Russia & Former Soviet Union

EU to sanction opponents of membership – media

The Moldovan government has reportedly asked Brussels to go after several of its citizens

FILE PHOTO: Moldovan President Maia Sandu and President of the European Commission Ursula von der Leyen, December 15, 2021. ©  Dursun Aydemir/Anadolu Agency via Getty Images

The EU has prepared sanctions against several Moldovan nationals for allegedly plotting a pro-Russian coup, multiple media outlets reported on Wednesday. Two more are to be sanctioned for alleged anti-Ukrainian activity.

EU foreign and security policy commissioner Josep Borrell put the list together on Monday, according to the US government-backed Radio Free Europe (RFE/RL). The sanctions require final approval on the ambassadorial level, but it will be a “matter of a few days” at most, the outlet reported.

The claims of a coup were first alleged in February this year by Ukrainian President Vladimir Zelensky. They were later echoed by Moldovan President Maia Sandu, who is seeking to bring the former Soviet republic into the EU and NATO.
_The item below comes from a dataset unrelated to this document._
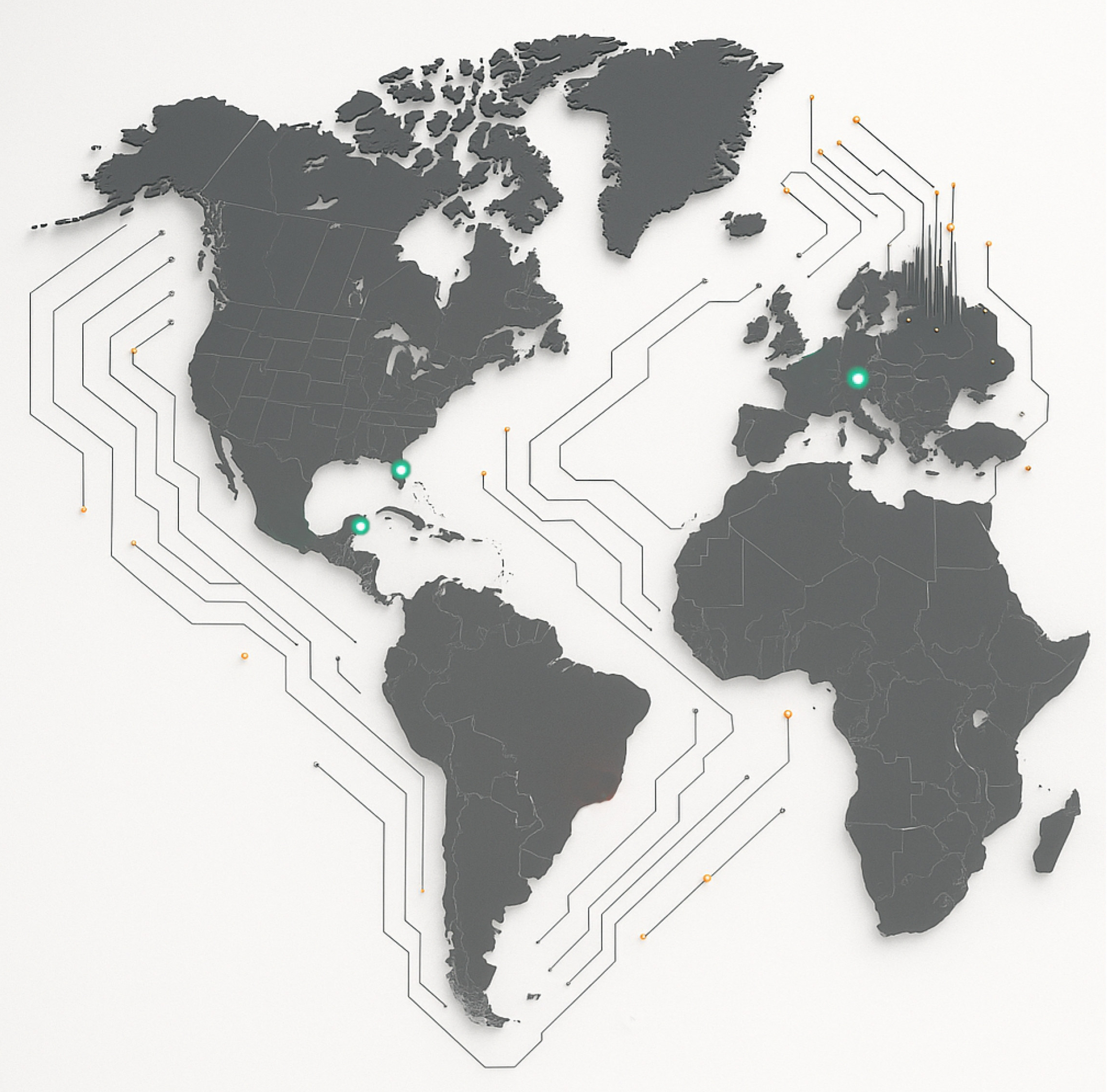 Somos una empresa internacional con sede en Weston, Florida, EE. UU. Contamos con oficinas en Cancún, México, y Múnich, Alemania. Ofrecemos servicios de representación y desarrollo de marca para Latinoamérica y otros mercados internacionales.
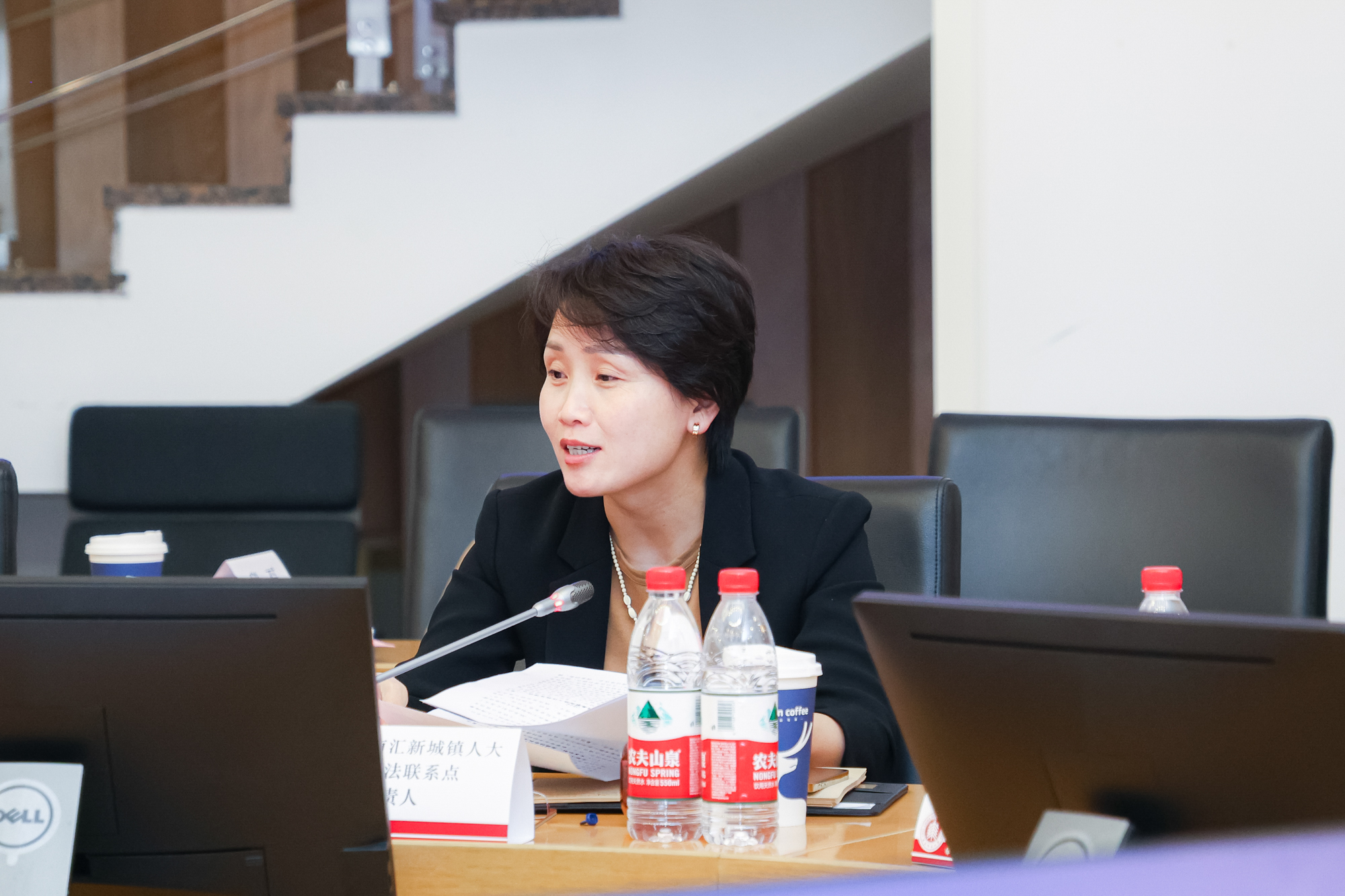 浦东新区南汇新城镇人大基层立法联系点负责人介绍该联系点工作情况与经验。一是完善机制,促进立法联系点工作的建设保障。二是整合资源,促进产业发展和社会治理相结合。三是创新立法,服务新片区治理建设。下一步工作还要继续推进规范化建设、社会资源挖掘等。

At the top of the list are the Israeli-born businessman and politician Ilan Shor, his party’s vice-president, Marina Tauber, and former politician Vladimir Plahotniuc. Former police official Gheorghe Cavcaliuc and Russian businessman Igor Chaika are also reportedly suspected.

Shor was sanctioned by the US in October 2022, for alleged ties to Russia. Last month, a Moldovan court sentenced him in absentia to 15 years in prison on corruption charges. Tauber is the VP of Shor’s party and allegedly led anti-government protests in September 2022. She is also the only one on the list actually residing in Moldova.
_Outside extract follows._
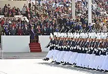 For more than a century the Military Parade of Chile or Great Military Parade of Chile (Spanish: Gran Parada Militar de Chile or Parada Militar de Chile) has been a tradition within the Independence Day holidays in Chile.[1] It is held in Santiago, Chile's O'Higgins Park on September 19 yearly in honor of the Glories of the Chilean Army with a military parade involving not just the ground forces but by the rest of the Chilean Armed Forces: the Chilean Navy, the Chilean Air Force, and the Carabineros de Chile. It is also in honor of the anniversary of the formal inauguration on that day in 1810 of the First Government Junta, which witnessed the first military parade of the independent nation at the Plaza de Armas, Santiago. It is the final act of the national independence celebrations, which are broadcast through TV and the Internet and radio.

Read more Leaked ‘prank’ calls expose top-level corruption in Moldova

Last week, Shor’s party won in local elections for the parliament and governor in the autonomous region of Gagauzia. The government in Chisinau tried to seize the ballots and annul the vote, claiming irregularities, but the courts eventually confirmed the results as legitimate.
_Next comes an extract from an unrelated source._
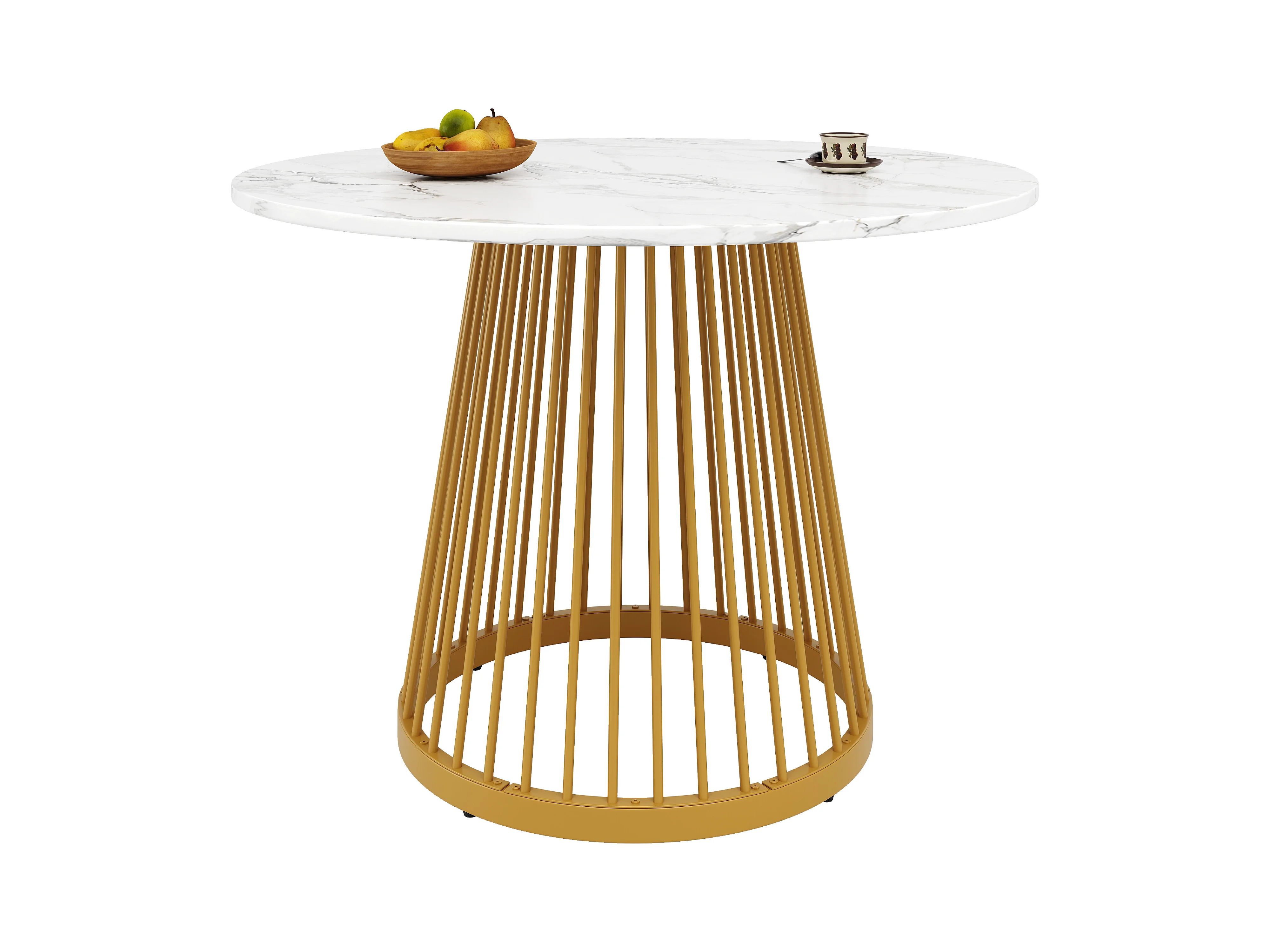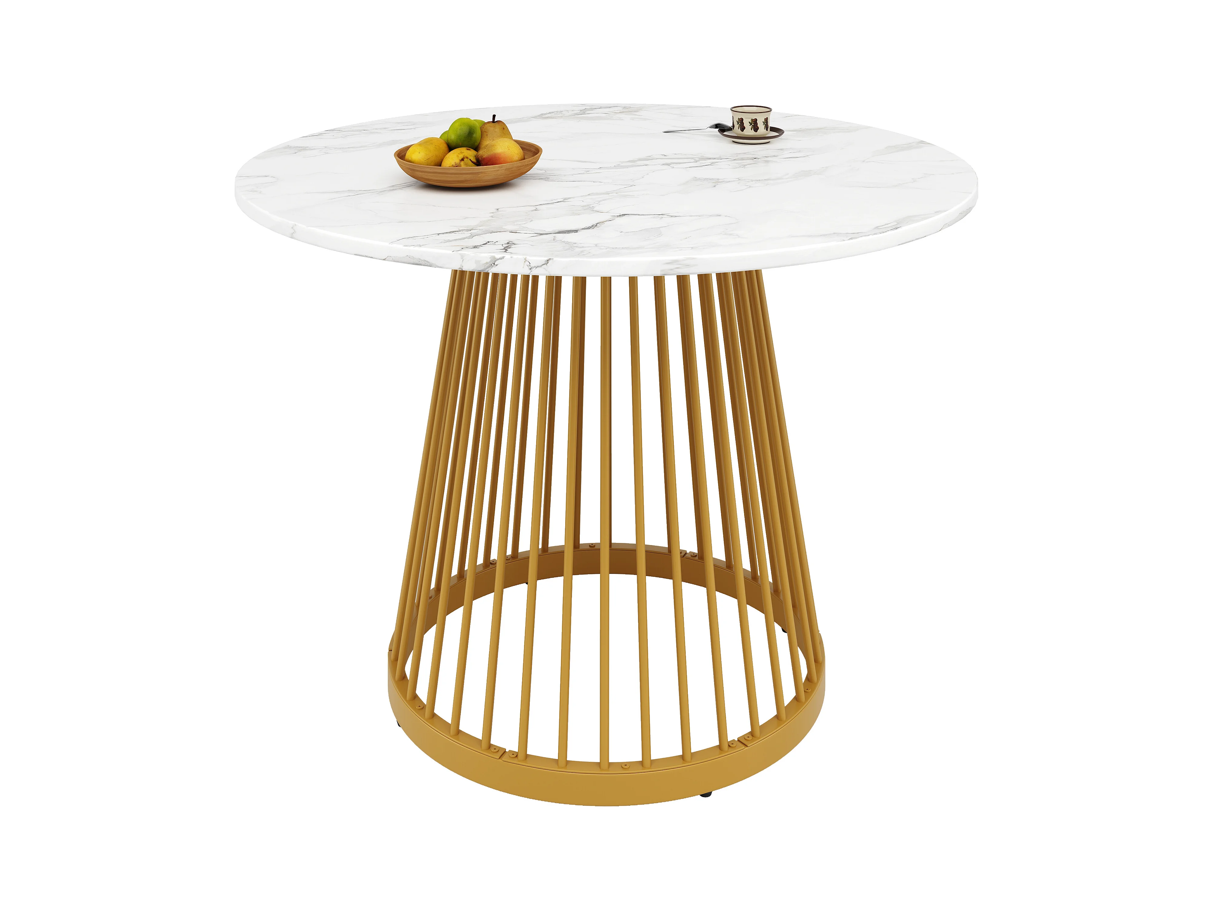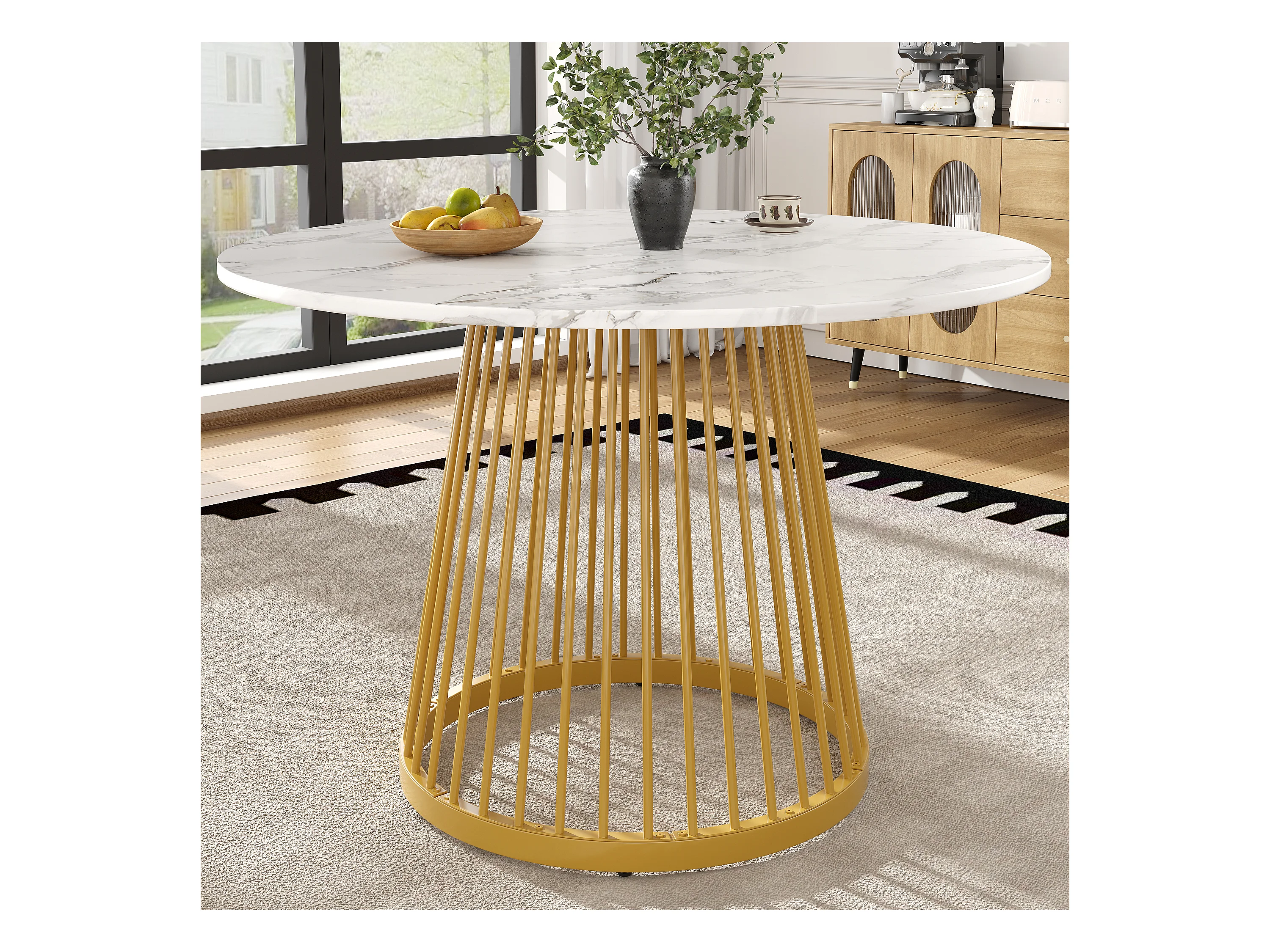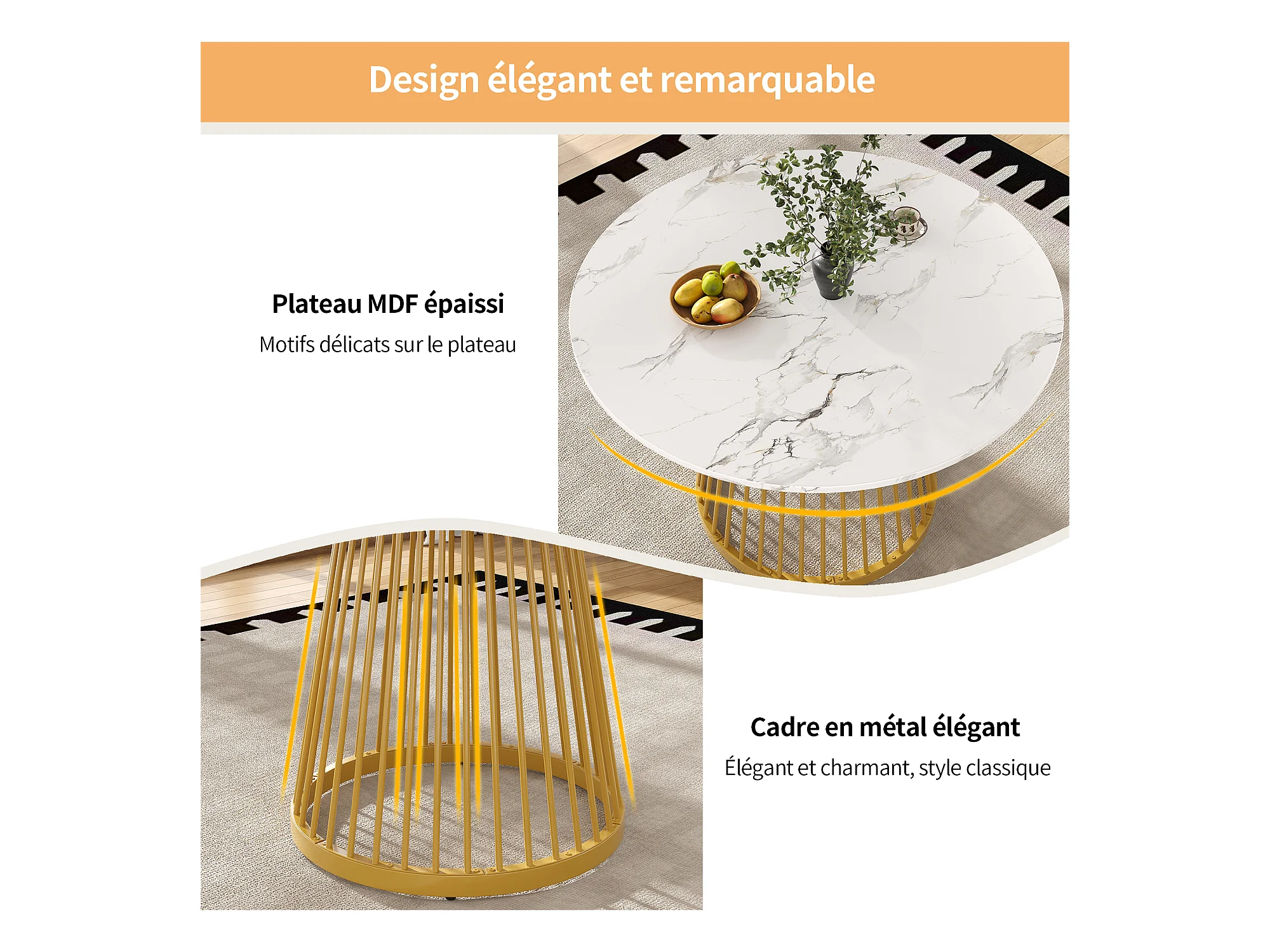 Table à manger ronde 100x100x76cm 4 personnes avec plateau en placage marbre blanc, cadre en métal doré

Cavcaliuc is alleged to have worked with Shor on the 2022 “coup,” after fleeing Moldova in 2021 for London. He was the acting head of the General Police Inspectorate before going into politics. Plahotniuc led the Democratic Party of Moldova and served three terms in the country’s parliament, including as first deputy speaker. After his party lost power in 2019, however, he left the country under a cloud of allegations involving corruption. Russia had issued a warrant for his arrest in 2017, claiming he paid for a hit on banker German Gornbuntsov.

Russian national Igor Chaika was described in the EU proposal as “channeling money to [Russian security service] FSB assets in Moldova in order to bring the country under Kremlin control,” according to RFE/RL.

The Moldovan government had asked the EU to sanction individuals it alleged were threatening its stability, sovereignty and rule of law. Last month, the Council of Europe agreed and introduced the special sanctions framework that is now being invoked.

In addition to the five people sanctioned for “actions that destabilize the Republic of Moldova,” the EU is also blacklisting two Moldovans – Grigore Caramalac and Alexander Kalinin – for allegedly acting to “undermine or threaten territorial integrity, sovereignty and independence of Ukraine.” They all face a ban on entering the EU and seizure of any of their assets in the territory of the bloc.